RACHEL MARTIN, HOST:
Of all the major sports leagues in the country, the National Football League is the only one without a dedicated professional minor league system. That could be about to change. Great way to cultivate new, younger talent for the NFL, right? Commentator Kevin Blackistone says not so.
KEVIN BLACKISTONE, BYLINE: I always thought a fullback named Mike Sellers had one of the most remarkable NFL careers, not for the one Pro Bowl he made in 2008 as a special teams player, not because he lasted 12 seasons, all but one in Washington, before he retired in 2011. It's because of how it all started.
Sellers came to the NFL from the Canadian Football League, and he wound up in the CFL at 19, despite not playing major college football. Sellers never took a college entrance exam. So he couldn't accept one of the athletic scholarships offered to him after he was the Washington state High School Play of the Year in 1993. Instead, he wound up at Walla Walla Community College for a year, dropped out and then bolted north of the border for a football paycheck.
And now, Don Yee, the agent of Patriots quarterback Tom Brady, is betting there are a lot of guys like Mike Sellers. And he's probably right. So he's trying to start a minor league for high school players who want to get paid to play football, after the senior prom, without having to go to college where they play basically for free. Yee
calls his deal the Pacific Pro Football League. He wants it to kick off a six-game schedule in the summer of 2018, with four teams in and around - where else? - that pro football hotbed of America, Los Angeles.
How did LA go from not having a single NFL team for 21 years to gaining two virtually overnight - and now a minor pro league? But I digress.
Yee proposes to pay players $50,000 with benefits, worker's comp, a 401(k) plan and free community college tuition, or basically do for college-age football players what the multibillion-dollar college football industry should and could be doing for them now. Did you see how much extra Clemson coach Dabo Swinney got for beating Alabama in the college football national championship? Upwards of $1 million to go on top of his $5 million annual salary.

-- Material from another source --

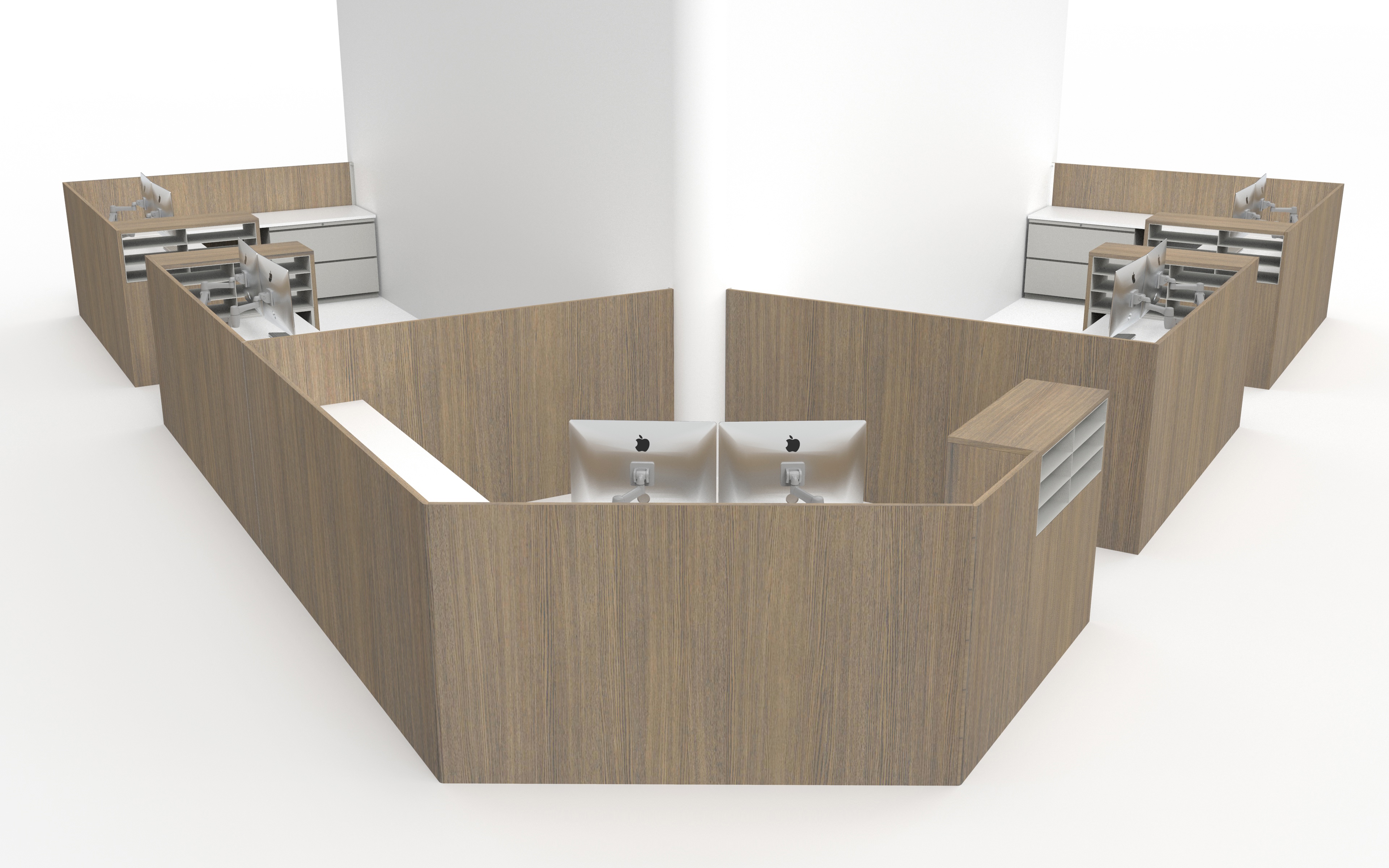 The design approach began with the exterior form, ensuring each workstation aligned with the building’s sharp angles and premium look. From there, Studio Other worked inward, developing functional layouts that addressed storage needs, ergonomics, and day-to-day usability within unconventional footprints. A strategic material palette balanced performance and cost, combining wood veneer exteriors for a refined appearance with laminate work surfaces and metal storage to meet budget requirements. Varied storage solutions were also introduced to complement the triangular forms and enhance flexibility.

Swinney's players got attaboys, T-shirts, swell ball caps and fake jeweled rings. College-spending rules say the players, who sweat and bleed for coaches and colleges that rake in millions, can only get a few hundred dollars' worth of kitschy gifts for winning the whole thing. And that's the problem.
College football, one of the two cash cows of the NCAA, is under unprecedented legal and moral pressure to give college players a more equitable slice of the pie. As noble as it sounds, Yee's league threatens to let college football off the hook.
MARTIN: That was sports commentator Kevin Blackistone.